> [About this exercise] Begin at the line containing "Díky modulární konstrukci" in the records below, end at the line containing "Editar as permissões", and retype each line in that span exactly. No other line and no image should appear.

> [Data records]
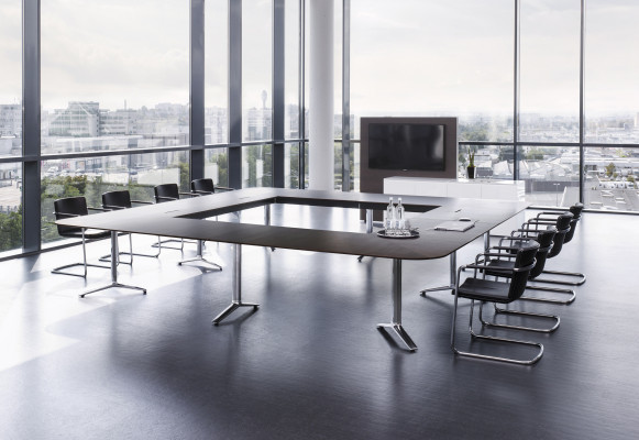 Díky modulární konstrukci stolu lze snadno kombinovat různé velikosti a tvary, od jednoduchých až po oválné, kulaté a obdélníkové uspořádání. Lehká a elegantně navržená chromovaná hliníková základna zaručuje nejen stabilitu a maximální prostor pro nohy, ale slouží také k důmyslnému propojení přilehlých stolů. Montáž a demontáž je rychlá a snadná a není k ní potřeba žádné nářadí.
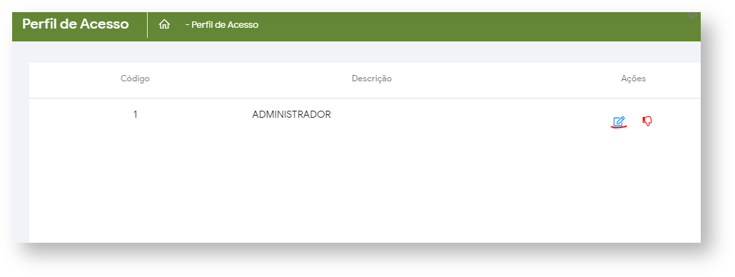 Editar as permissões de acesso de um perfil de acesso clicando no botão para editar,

==

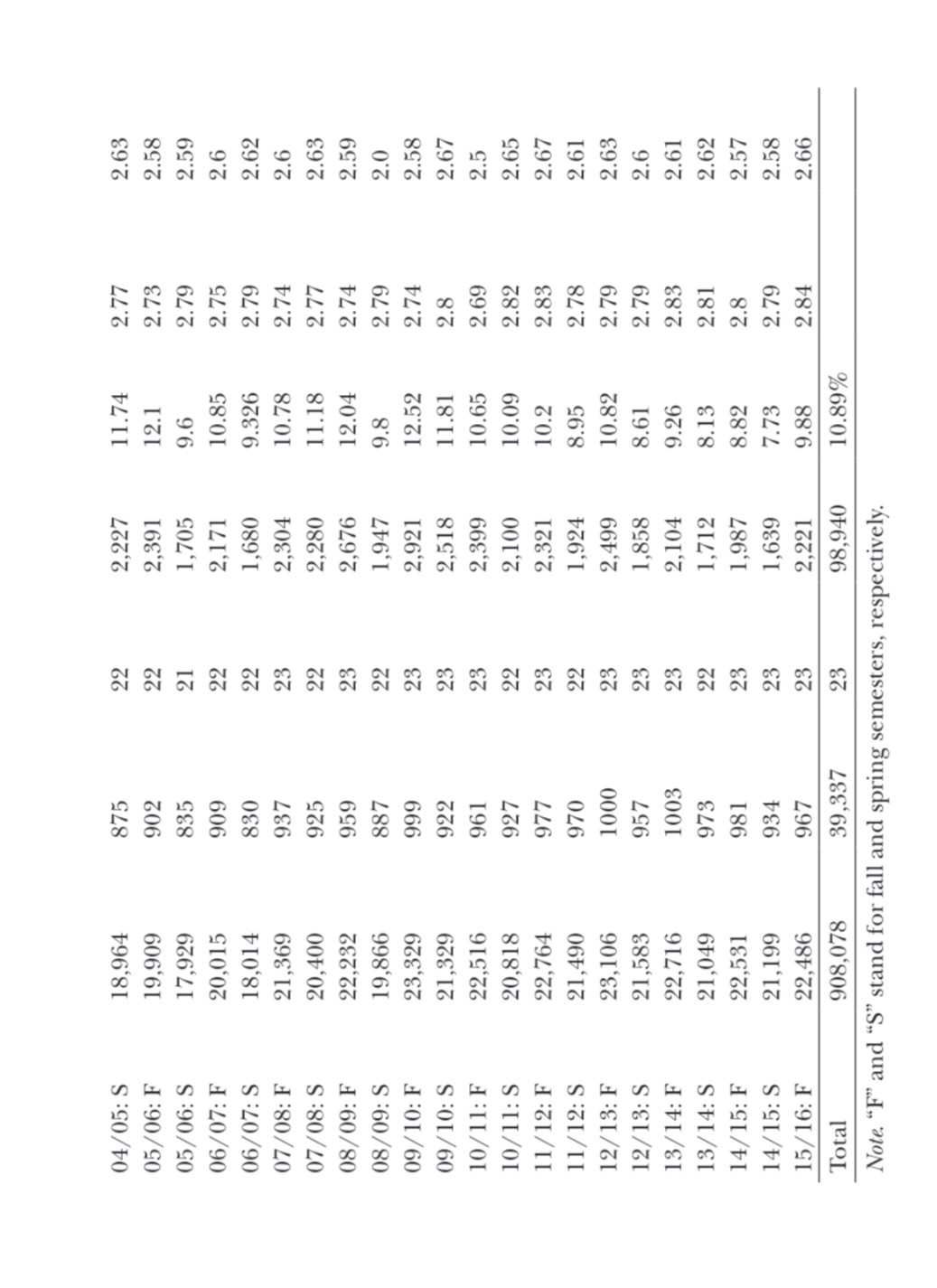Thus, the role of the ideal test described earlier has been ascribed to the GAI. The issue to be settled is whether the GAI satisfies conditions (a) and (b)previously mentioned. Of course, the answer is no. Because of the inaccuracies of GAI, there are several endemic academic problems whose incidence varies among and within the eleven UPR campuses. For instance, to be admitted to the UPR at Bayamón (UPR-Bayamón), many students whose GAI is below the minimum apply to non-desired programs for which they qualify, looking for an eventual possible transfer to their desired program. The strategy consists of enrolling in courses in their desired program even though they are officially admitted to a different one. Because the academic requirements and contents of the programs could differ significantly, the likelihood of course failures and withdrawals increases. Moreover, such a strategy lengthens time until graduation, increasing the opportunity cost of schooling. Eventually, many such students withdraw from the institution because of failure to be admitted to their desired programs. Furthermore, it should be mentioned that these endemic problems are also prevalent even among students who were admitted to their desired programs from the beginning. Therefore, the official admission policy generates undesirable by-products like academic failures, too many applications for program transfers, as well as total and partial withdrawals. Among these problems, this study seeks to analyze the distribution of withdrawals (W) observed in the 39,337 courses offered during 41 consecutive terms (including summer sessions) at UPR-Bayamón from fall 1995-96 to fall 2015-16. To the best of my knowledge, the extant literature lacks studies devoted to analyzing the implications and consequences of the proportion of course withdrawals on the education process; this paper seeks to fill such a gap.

> [Worked solution]
 Díky modulární konstrukci stolu lze snadno kombinovat různé velikosti a tvary, od jednoduchých až po oválné, kulaté a obdélníkové uspořádání. Lehká a elegantně navržená chromovaná hliníková základna zaručuje nejen stabilitu a maximální prostor pro nohy, ale slouží také k důmyslnému propojení přilehlých stolů. Montáž a demontáž je rychlá a snadná a není k ní potřeba žádné nářadí.
 Editar as permissões de acesso de um perfil de acesso clicando no botão para editar,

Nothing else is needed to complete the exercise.